In her book The Hiding Place, in which she tells her story, there is a remarkable scene. It is 1947 and Corrie has been speaking at a church in Munich about forgiveness. After the talk she was approached by a man who she recognised as having been a camp guard at Ravensbruck concentration camp. (During her talk Corrie said she’d been in the camp.) The man didn’t recognise her. He explained how he’d been a guard and asked for her forgiveness.

Corrie says that when the man offered his hand she froze. Until by saying a silent prayer asking for strength to forgive.

And so woodenly, mechanically, I thrust my hand into the one stretched out to me. And as I did, an incredible thing took place. The current started in my shoulder, raced down my arm, sprang into our joined hands. And then this healing warmth seemed to flood my whole being, bringing tears to my eyes.

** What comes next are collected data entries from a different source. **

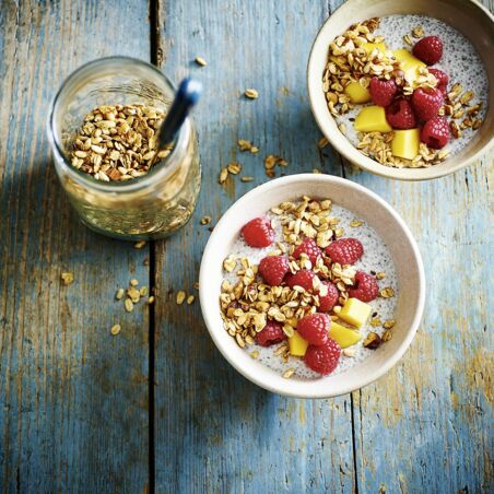 Die Chia-Samen unterrühren. Dann den Chia-Pudding in zwei Schüsseln füllen und über Nacht abgedeckt in den Kühlschrank stellen. Den Chia-Pudding morgens nach Belieben mit frischen Früchten und Granola toppen - er schmeckt aber auch pur.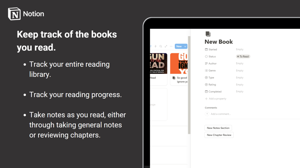 - Started (when you start reading), Status (status of the book progress), Author and Genre (self-explanatory), Type (book, audiobook, ebook, etc), Rating (rate your library), and Completed (the date you complete the book).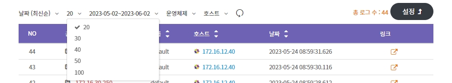 한 페이지에서 표시할 로그의 개수를 설정할 수 있습니다.

“I forgive you, brother!” I cried. “With all my heart!”

That was not the end. Corrie – naturally – felt angry towards the man, and this anger stayed with her for some time. She wrote:

Help came in the form of a kindly Lutheran pastor to whom I confessed my failure after two sleepless weeks.

“Up in that church tower,” he said, “is a bell which is rung by pulling on a rope. After the sexton lets go of the rope, the bell keeps on swinging. First ding then dong. Slower and slower until there’s a final dong and it stops.

“I believe the same thing is true of forgiveness. When we forgive someone, we take our hand off the rope. But if we’ve been tugging at our grievances for a long time, we mustn’t be surprised if the old angry thoughts keep coming for a while. They’re just the ding-dongs of the old bell slowing down.”

And so it proved to be. There were a few more midnight reverberations, a couple of dings when the subject came up in my conversation. But the force–which was my willingness in the matter–had gone out of them. They came less and less often and at last stopped altogether.

We know we are to forgive others. We pray it every time we say the Lord’s Prayer. But equally we all know it is sometimes not an easy thing to do. Maybe some of you reading this will relate to Corrie ten Boom’s story. Not the horror of a concentration camp, but in the difficulty in forgiving or being reconciled with someone who has hurt you.

If you find yourself having difficulty forgiving someone, or being reconciled, please pray about it. But equally know that once we let go of the rope of your grievances, eventually they will stop. And more over, we are all loved deeply by God and forgiven by him as his precious children.